According to government data, about 60% of companies offered child-care leave as of 2002, and about 12.2% of employees worked 60 hours or more per week as of 2003. The government plans to encourage workers to take paid days off, aiming to raise the rate at which employees actually take such leave to 55% or more. It says that in 10 years, 20% of working fathers and 80% of working mothers should be taking child-care leave.

The government also plans to drastically increase the number of child-rearing consultation centers where parents can ask questions as well as places where parents can leave children in temporary care when they themselves are sick. For single-mother households, the government plans to boost the number of women who obtain professional qualifications with support from their employers.

The government also plans to set up a nationwide network of child abuse prevention centers. And it plans to remove physical barriers at busy train stations and airports so that baby strollers can be moved easily.

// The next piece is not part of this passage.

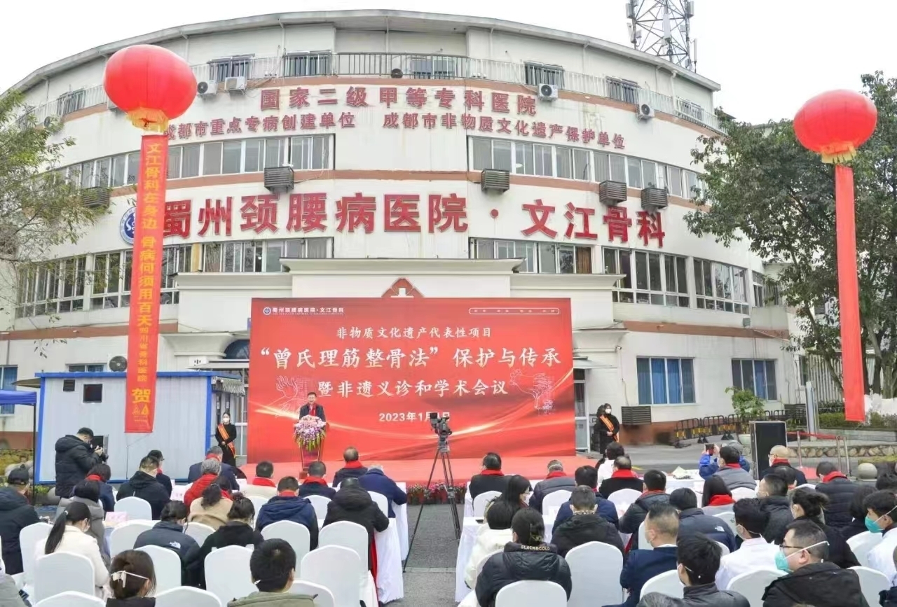 活动现场,来自蜀州颈腰病医院·文江骨科的“曾氏理筋整骨法”传承人代表发表了非遗人才基地历史文化保护与传承计划宣言;第四代代表性传承人、农工党党员、蜀州颈腰病医院院长李文江介绍了该院创新性提出“以治筋伤疗骨伤,以治骨伤愈筋伤”治疗思想,形成独具特色的“曾氏理筋整骨法”,并积极创建四川省非遗代表性项目的做法。

Population officials are not convinced that these sort of measures can turn the corner on population shrinkage in the next few years. The five years starting in now are psychologically important. This period will mark the actual projected start of the fall in population from the current 127 million people. The birthrate hit a record low of 1.29 per woman in 2003.

Just how the public will react is hard to predict. So far, women (and those elusive and so far silent men) have yet to vote with their bodies and minds. But Kaneko of the population institute says: "It's a good opportunity ... The next five years are out last chance," he adds. "We have no choice."

The next year of the Fiery Horse is looming in 2020.

Richard Hanson, veteran correspondent and expert on Japanese economy, finance and politics, is the author of Money Lords: The Pride and Folly of Japan's Finance Ministry Elites.